It's a big day for Exchange users; one of the best Mac calendar applications, BusyCal, has just been updated to support Microsoft's enterprise collaboration technology. Version 2.5 is available in the Mac App Store now, as a free upgrade for existing users or US$29.99 for new licensees. The new version supports Office 365, full sharing privileges, public calendars, free / busy time, tasks and more. Of course, the new build is still compatible with both iCloud and Google Calendar hosted scheduling.

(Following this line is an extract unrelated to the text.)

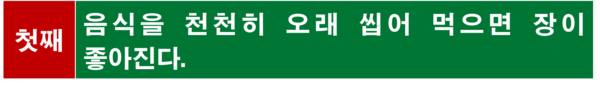 십수 년 전에 유명 방송사의 건강 관련 프로그램에서 이름 모를 질병으로 생명이 위태로운 환자가 단지 음식을 천천히 오래 씹어 먹은 덕분에 포기했던 생명을 되찾았다는 방송이 많은 시청자들을 놀라게 했던 적이 있다. 그 환자는 한국에서의 치료를 포기하고 미국으로 건너갔고, 그곳에서도 이렇다 할 치료법을 찾지 못해 희망을 접은 채 다시 한국으로 돌아오려던 어느 날이었다.
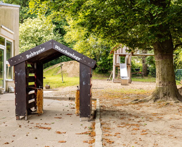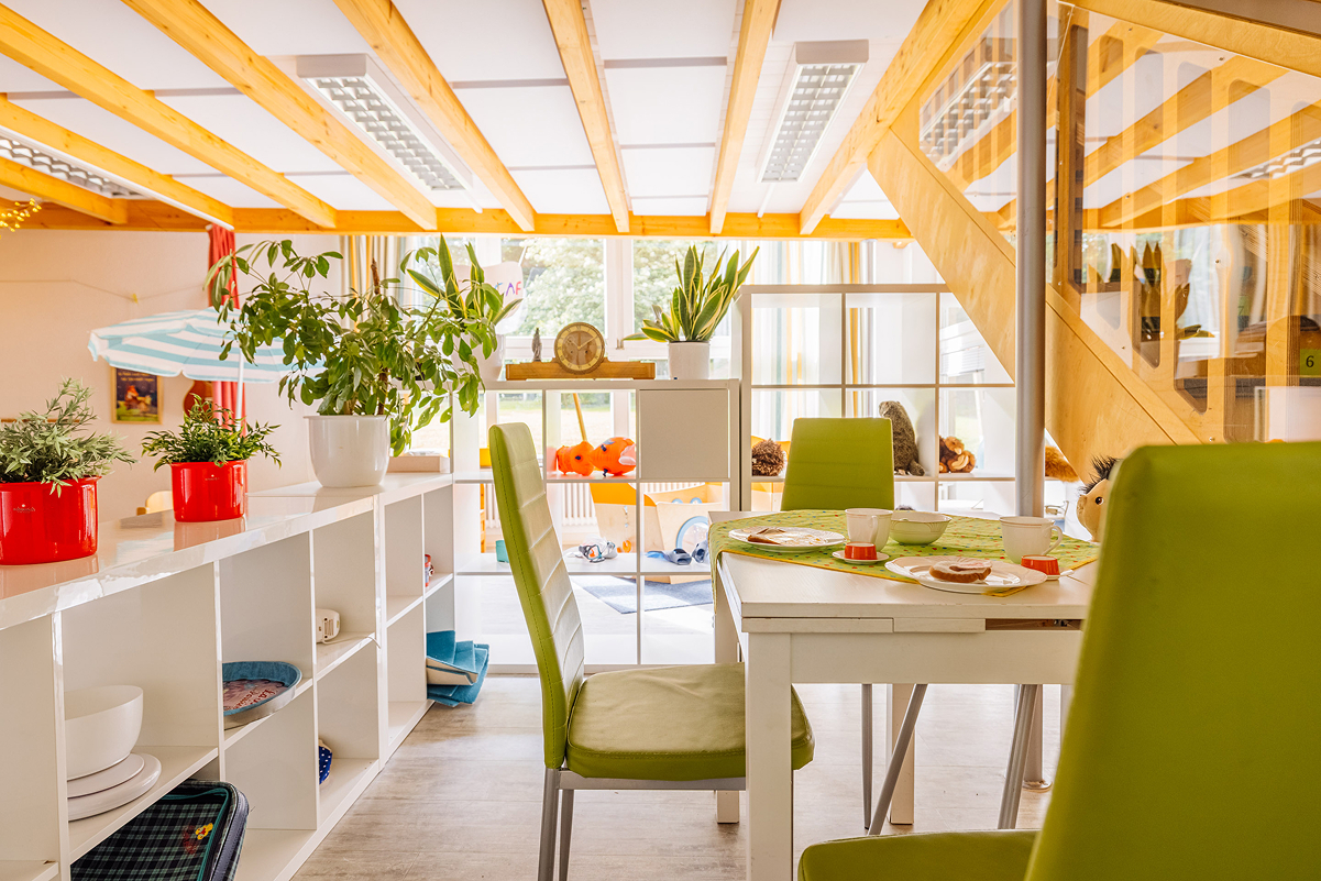 In unseren Werkstatträumen erleben die Kinder die 10 Bildungsbereiche durch kreatives Forschen, Entdecken und Ausprobieren. Unser großes Außengelände mit Niedrigseilgarten, Verkehrsübungstrecke, Wasserspielanlage, Fußballtoren, Schaukel und Rutschenturm lädt zu Bewegung und Abenteuern ein.

Mac users who work with Microsoft Exchange calendars may sometimes feel like they just have to make the best of a challenging situation. Microsoft's own Office client, Outlook 2011, works well, but doesn't necessarily deliver that "born on Mac" experience we crave; Apple's Calendar (formerly iCal) may feel right, but compatibility hiccups can drag down your calendar productivity. Even the popular Fantastical app relies on one of those full-featured calendars for syncing.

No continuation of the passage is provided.